! NA KOŃCU PYTANIE DO WAS !
Tydzień po ślubie
----VINCENZO----
Na lotnisku
-Uważajcie na siebie i mam nadzieje , że jak wrócicie to dostanę informacje , że zostanę ciocią . - powiedziała przyjaciółka mojej żony - Ana . Właśnie lecimy na miesiąc miodowy , więc wszystkie interesy zostają pod opieką Luca . Ufam mu i wiem , że sobie poradzi . Z tego co udało się mi i Inez zauważyć , relacja jego i Any nie skończyła się na jednej nocy .
-An , wiesz że dla nas to za szybko i my chcemy się jeszcze dobrze bawić . Może to wy nas zaskoczycie ? - odpowiedziała Iz . Zauważyłem zmieszanie na twarzy obojga przyjaciół , dlatego też szybko zmieniłem rozmowę na inny tor .

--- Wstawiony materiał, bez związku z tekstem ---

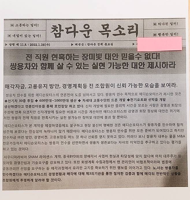 쌍용차 사내 노동자 모임 '참다운 목소리' 역시 최근 선전물을 통해 "에디슨이 사우디 SNAM 라이선스 계약, 중국 BYD 양해각서 등이 현실과 맞지 않다며 마치 대주주가 된 것처럼 경영 간섭과 기술 요구 강요를 하고 있다"고 지적했다. 이들은 "본계약 체결 후에도 현장에서 불신이 팽배한 것은 에디슨의 진실성이 녹아나지 않기 때문"이라며 "에디슨은 쌍용차 인수를 위한 모든 준비가 돼있다고 하지만 인수자금 마련방안, 경영 비전, 고용 보장 등 어느 것 하나 신뢰를 얻지 못하고 있다"고 지적했다.

-Dzwońcie jak coś będzie nie tak . My już idziemy . Pa - powiedziałem i pożegnaliśmy się z Aną i Lucą . Gdy weszliśmy na pokład naszego prywatnego samolotu moja żona położyła się dalej spać . Nic dziwnego , bo była dopiero 2 w nocy . W domu nie będzie nas 2 miesiące . Mamy kilka miejsc do odwiedzenia . Planujemy polecieć do Gran Canarie w Hiszpanii , Arubę na Karaibach , Dubaj , Hawaje , Tulum w Meksyku , nie zawodne - Bali , Porto w Portugalii oraz już chyba wszystkim znane Malediwy . Myśleliśmy o Grecji , albo ponownym odwiedzeniu Zanzibaru . Jak na razie kierunek Aruba (wyspa na Karaibach ).
------Ana------
Właśnie dojechaliśmy do domu z lotniska . Przez całą drogę ja , podobnie jak Luca milczeliśmy . Nasza relacja rozwija się coraz bardziej , ale nadal nie jestem pewna jego uczuć . Od ślubu naszych przyjaciół zdałam sobie sprawę , że zakochałam się w Lucu . On , mimo że kilka razy dziennie mówi mi , że mnie kocha , nie umie określić się w jedno ,proste zdanie . Nie umie powiedzieć , że musimy spróbować . Cholera . Od wesela tyle się zmieniło . Jak zawsze to on sugerował , że czas ruszyć dalej , tak teraz jak ja zaczynam temat naszego związku to natychmiast zmienia temat . Co się stało ? Od tygodnia jego podejście do tematu diametralnie się zmieniło . Trzy noce po weselu spałam u Luca , kolejne cztery spędziłam u siebie , w swojej chwilowej sypiali .Luca dał mi jasno do zrozumienia , że mnie nie potrzebuje . Chodź może mi się coś wydaje , może potrzebuje prywatności i przestrzeni . Postaram się , przez te dwa najbliższe miesiące coś wskórać . Jeżeli Luca jasno powie , że nie widzi nas razem , to zrozumiem to i uszanuje jego decyzję . Jeżeli jesteśmy sobie pisani to nawet za 10 lat się spotkamy i będziemy razem . Moje rozmyślenia nagle przerwał głos Luca
-Słuchasz mnie An ?- zapytał a ja totalnie zdezorientowana pokręciłam głową na nie .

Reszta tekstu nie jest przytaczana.